Bokuto Koutarou. An insanely famous hacker. Perhaps if he stopped with the childish (though, frankly impressive) pranks and focused on something, he could actually do something with all that fame. Akaashi remembers he was in Tokyo when Bokuto made all the electronic billboards simultaneously play The Bee Movie with a German dub. It was halfway over by the time they managed to fix it.

“Bee Movie,” Akaashi blurts out instead of saying anything intelligent.

Kuroo shoots him a confused look, but Bokuto knows exactly what he’s referring to.

“Oh that was fucking _awesome_! God that was great, I need to do something like that again. Though granted the whole thing was so I could hack into the Japan Post Bank and rob a bunch of people blind, and I’m really running out of high tech banks to rob at this point, but-”

Kuroo clears his throat, Bokuto shoots him an apologetic grin.

“Right, not a criminal. Sorry. Anyways I really need to do something _big_ again it’s been a while. Since like-”

A voice cuts him off and at first Akaashi thinks Kuroo is speaking but the voice is far different. 

“You talk too much.”

Akaashi turns and sees someone sitting criss-cross on the lobby counter. He hasn’t looked up from what he’s doing, which, from the glow illuminating his face, seems to be playing a Nintendo switch. 

Akaashi didn’t even hear him come in.

Kuroo jumps halfway across the lobby and Bokuto lets out a startled yelp.

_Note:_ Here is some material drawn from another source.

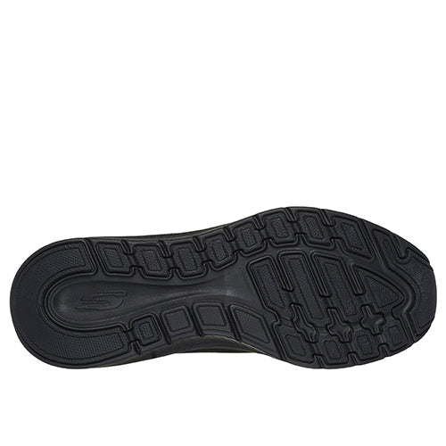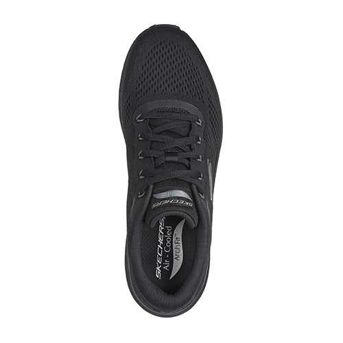 Lækker Arch Fit 2.0 - Black sko med svangstøtte. Overdelen er af åndbart mesh-tekstil, og skoen lukkes med snørebånd. Åbningen er polstret for øget komfort, og den udtagelige Arch Fit-indersål giver svangstøtte og består af Skechers Air-Cooled Memory Foam, så den er støddæmpende og øger vægtfordelingen under foden. Mellemsålen virker også støddæmpende, imens den fleksible ydersål med gummibelægning giver et godt fodfæste. Kan maskinvaskes ved maks. 30 grader - husk at tage indersålen ud først. Er fremstillet af 100 % veganske materialer.
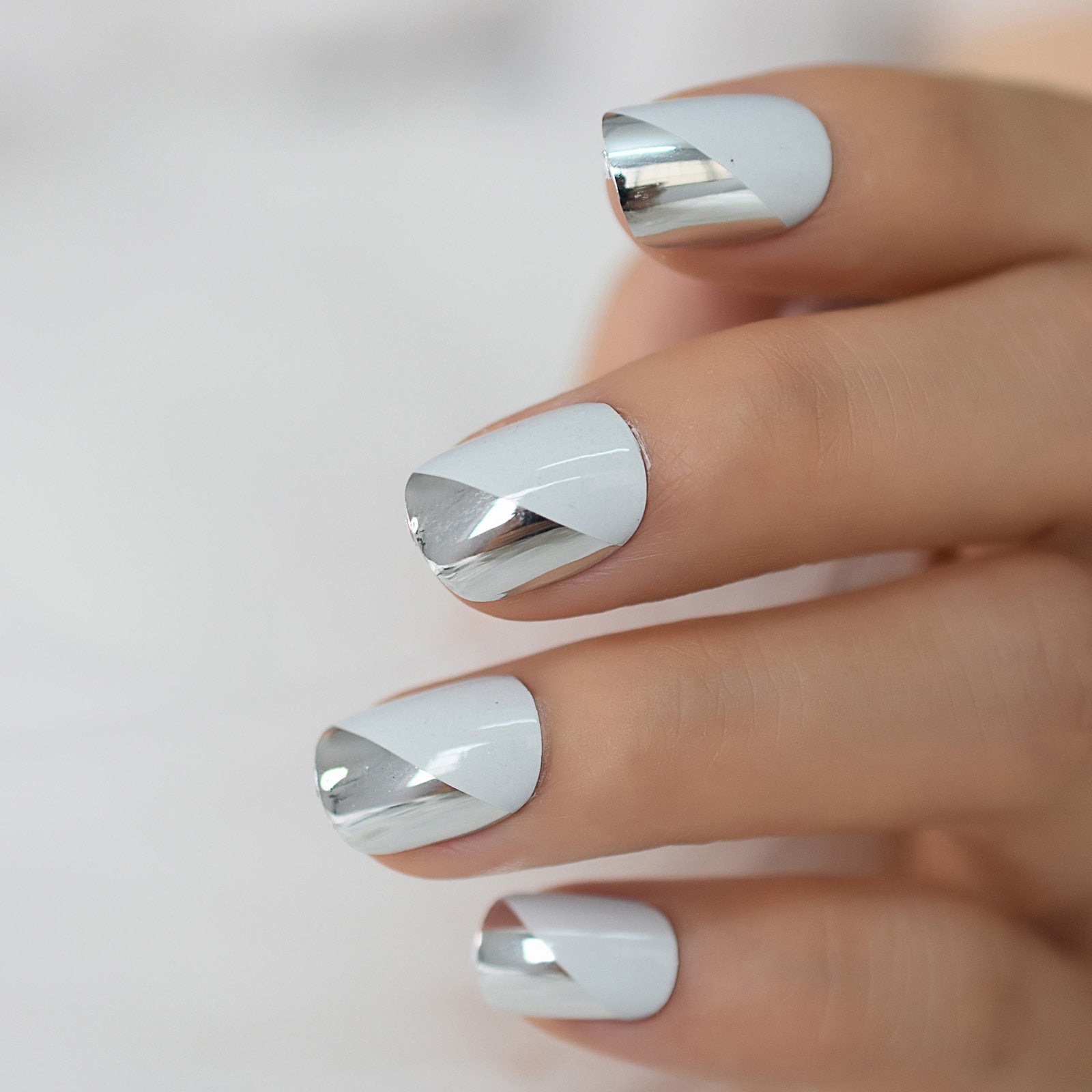 - Choose a suitable size of adhesive stickers or nail glue for your nails and stick it on your nails.

“Who are you?” Akaashi asks, because he doesn’t know this person, doesn’t recognize them.

“Kenma.”

“Kenma what?” Kuroo prompts. 

“Nope. Kenma.”

Bokuto yelps again. “ _The_ Kenma?”

“The one and only,” Kenma powers off his switch and pulls a padlock out of his backpack. He picks it within fifteen seconds, locks it again, and repeats the process.

“B-but,” Bokuto begins to stammer. “You-You’re.”

“I think what Bokuto’s trying to say is that your fucking insane.”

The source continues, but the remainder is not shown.